▸ ASSIGNED TASK: With the pictures omitted, repeat exactly the lines below starting with the line that has "One 58 BC Indo" and going on through the line that has "圖3: 多級(jí)特征提取方法在陶器蓋云紋彩繪上的增強(qiáng)效果。(a) 紅色特征掩膜圖像;(b)".

▸ AVAILABLE DATA:
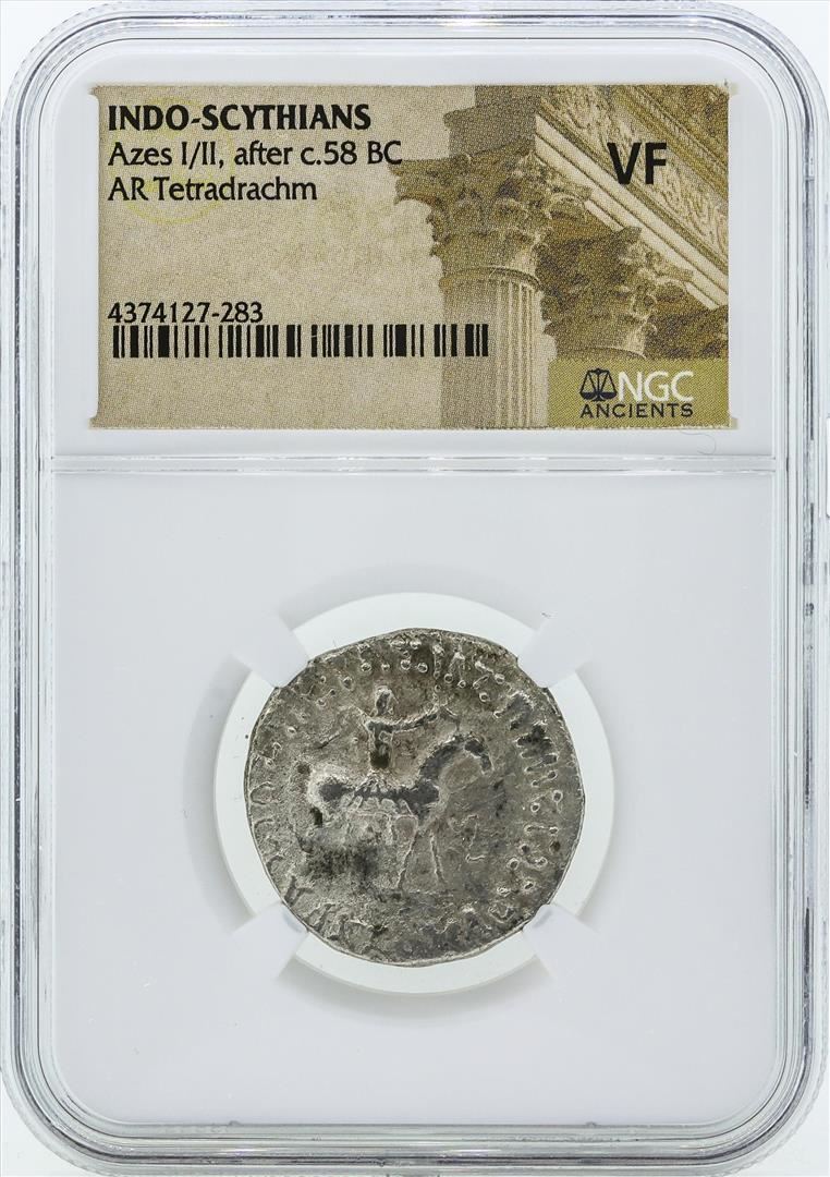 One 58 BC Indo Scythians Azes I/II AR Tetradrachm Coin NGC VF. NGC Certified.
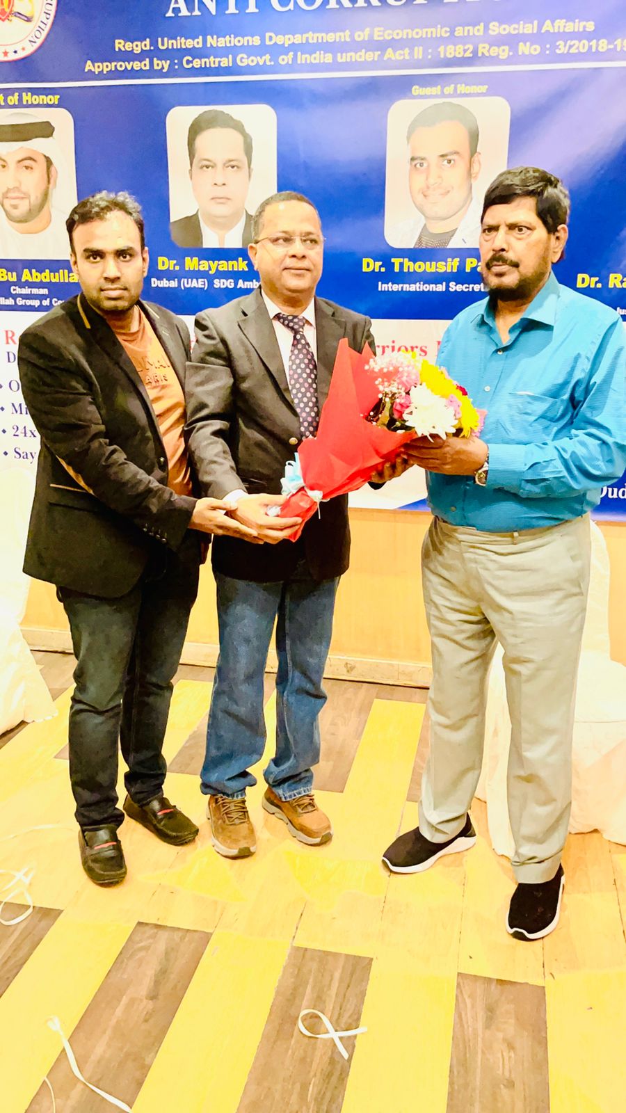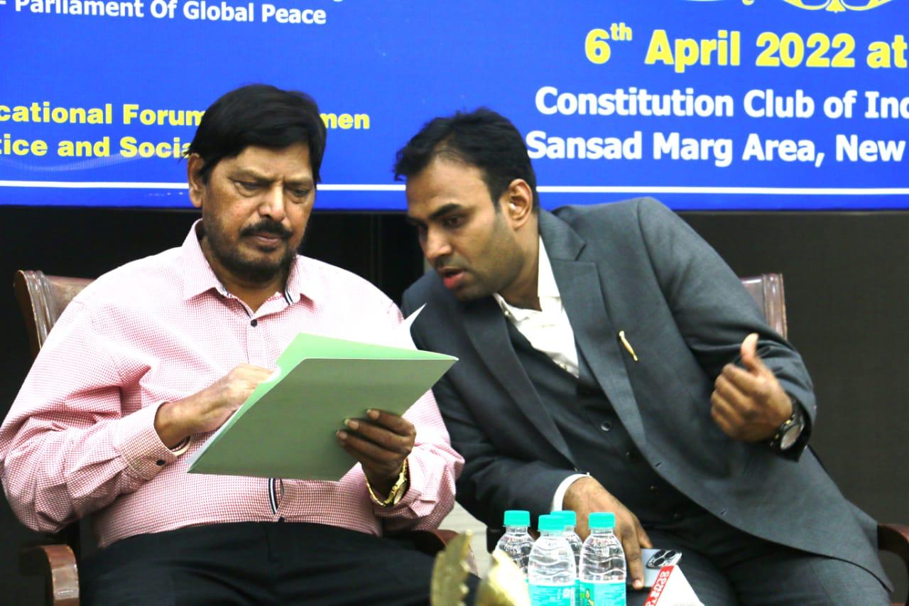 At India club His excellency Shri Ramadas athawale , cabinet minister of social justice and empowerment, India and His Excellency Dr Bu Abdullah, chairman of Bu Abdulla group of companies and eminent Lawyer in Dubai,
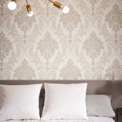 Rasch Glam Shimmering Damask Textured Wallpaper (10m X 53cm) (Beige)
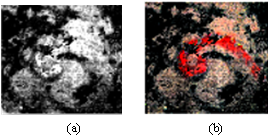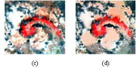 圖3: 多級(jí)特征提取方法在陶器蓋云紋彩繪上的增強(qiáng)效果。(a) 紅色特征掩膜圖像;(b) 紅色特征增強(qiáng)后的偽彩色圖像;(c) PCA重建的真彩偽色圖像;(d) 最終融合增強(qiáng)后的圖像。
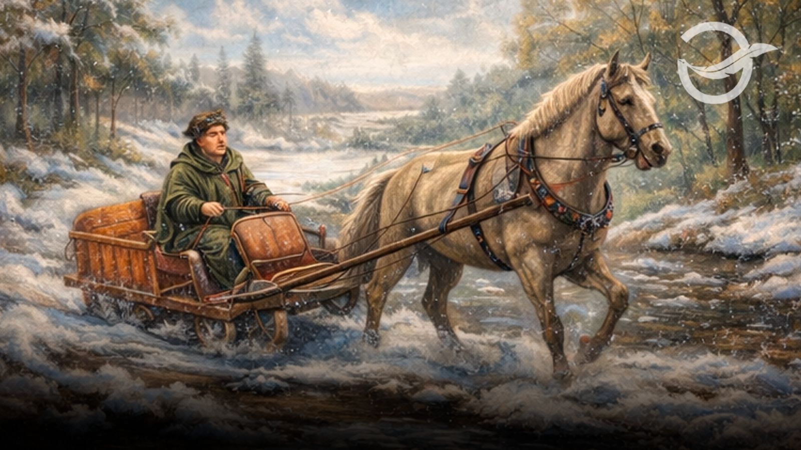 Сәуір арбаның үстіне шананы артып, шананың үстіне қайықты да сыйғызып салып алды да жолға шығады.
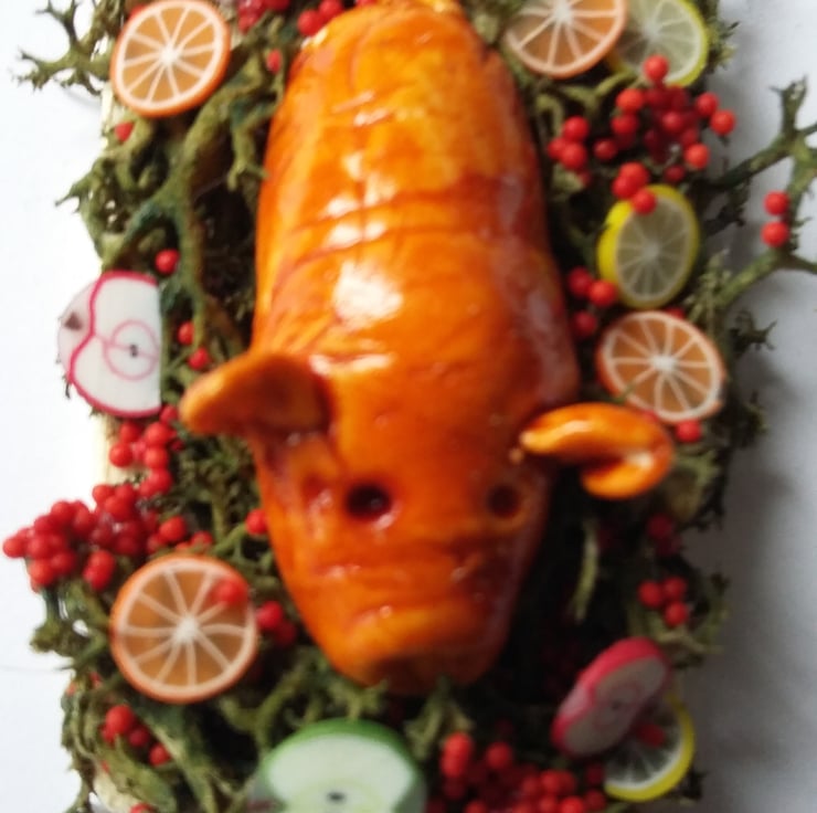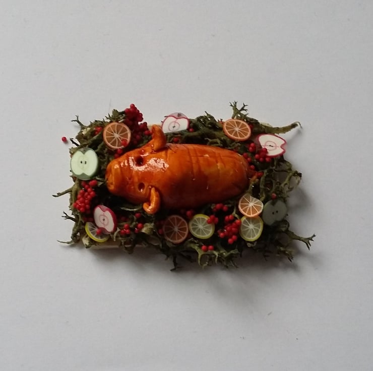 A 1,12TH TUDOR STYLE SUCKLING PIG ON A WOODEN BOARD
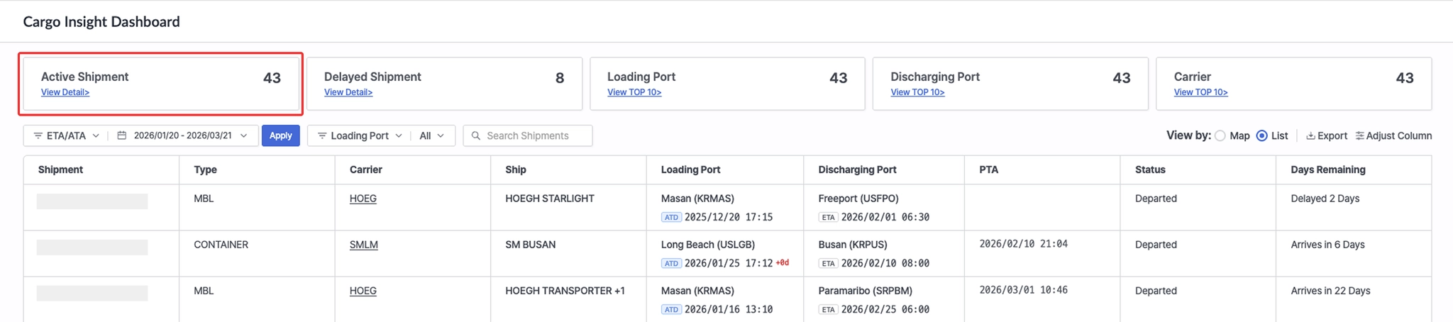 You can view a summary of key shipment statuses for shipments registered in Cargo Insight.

* * *

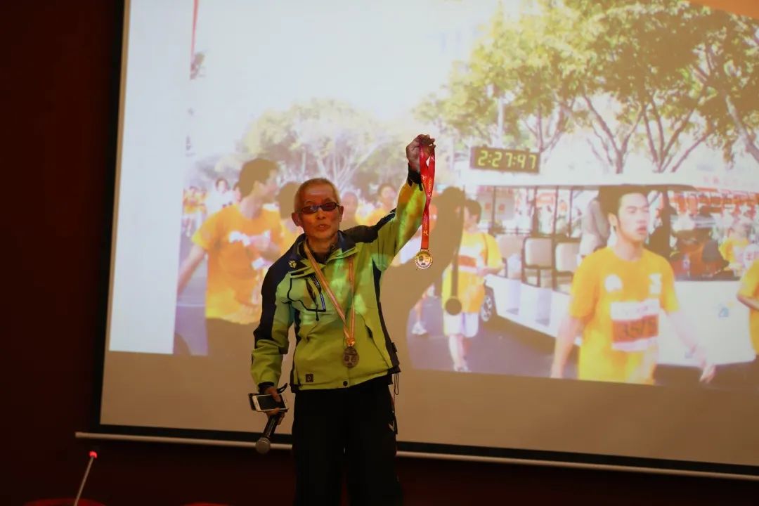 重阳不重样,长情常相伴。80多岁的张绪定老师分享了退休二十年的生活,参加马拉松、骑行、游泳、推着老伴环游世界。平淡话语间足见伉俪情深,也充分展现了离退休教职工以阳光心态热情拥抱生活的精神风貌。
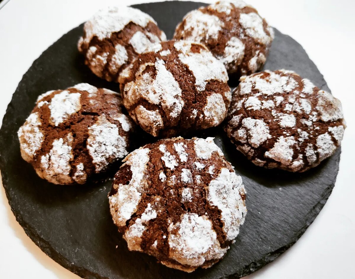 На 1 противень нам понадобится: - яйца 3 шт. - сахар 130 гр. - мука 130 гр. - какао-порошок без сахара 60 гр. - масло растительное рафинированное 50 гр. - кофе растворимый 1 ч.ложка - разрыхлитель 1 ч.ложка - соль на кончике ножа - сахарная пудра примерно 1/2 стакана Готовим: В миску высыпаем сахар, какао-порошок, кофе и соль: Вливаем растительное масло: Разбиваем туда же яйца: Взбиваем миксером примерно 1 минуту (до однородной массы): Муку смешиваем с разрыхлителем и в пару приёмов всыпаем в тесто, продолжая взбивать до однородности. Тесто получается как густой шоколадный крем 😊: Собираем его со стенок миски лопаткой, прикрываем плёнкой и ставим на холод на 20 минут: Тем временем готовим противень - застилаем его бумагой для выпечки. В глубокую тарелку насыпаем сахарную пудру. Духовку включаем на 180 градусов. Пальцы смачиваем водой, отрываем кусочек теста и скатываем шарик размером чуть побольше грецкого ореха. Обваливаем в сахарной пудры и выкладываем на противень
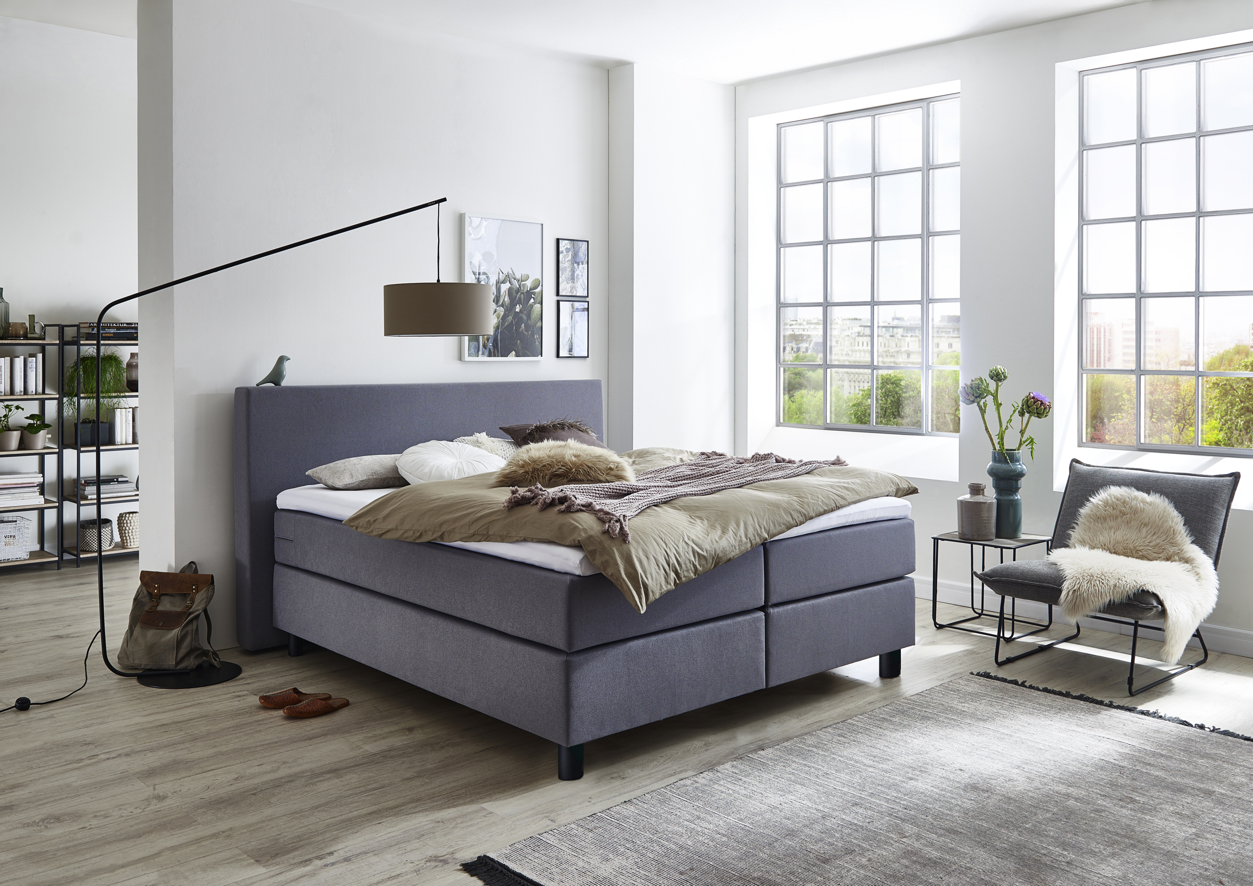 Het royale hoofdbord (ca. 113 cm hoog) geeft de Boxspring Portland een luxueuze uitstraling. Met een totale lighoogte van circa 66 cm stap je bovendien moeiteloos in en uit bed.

▸ ANSWER BOX:
 One 58 BC Indo Scythians Azes I/II AR Tetradrachm Coin NGC VF. NGC Certified.
 At India club His excellency Shri Ramadas athawale , cabinet minister of social justice and empowerment, India and His Excellency Dr Bu Abdullah, chairman of Bu Abdulla group of companies and eminent Lawyer in Dubai,
 Rasch Glam Shimmering Damask Textured Wallpaper (10m X 53cm) (Beige)
 圖3: 多級(jí)特征提取方法在陶器蓋云紋彩繪上的增強(qiáng)效果。(a) 紅色特征掩膜圖像;(b) 紅色特征增強(qiáng)后的偽彩色圖像;(c) PCA重建的真彩偽色圖像;(d) 最終融合增強(qiáng)后的圖像。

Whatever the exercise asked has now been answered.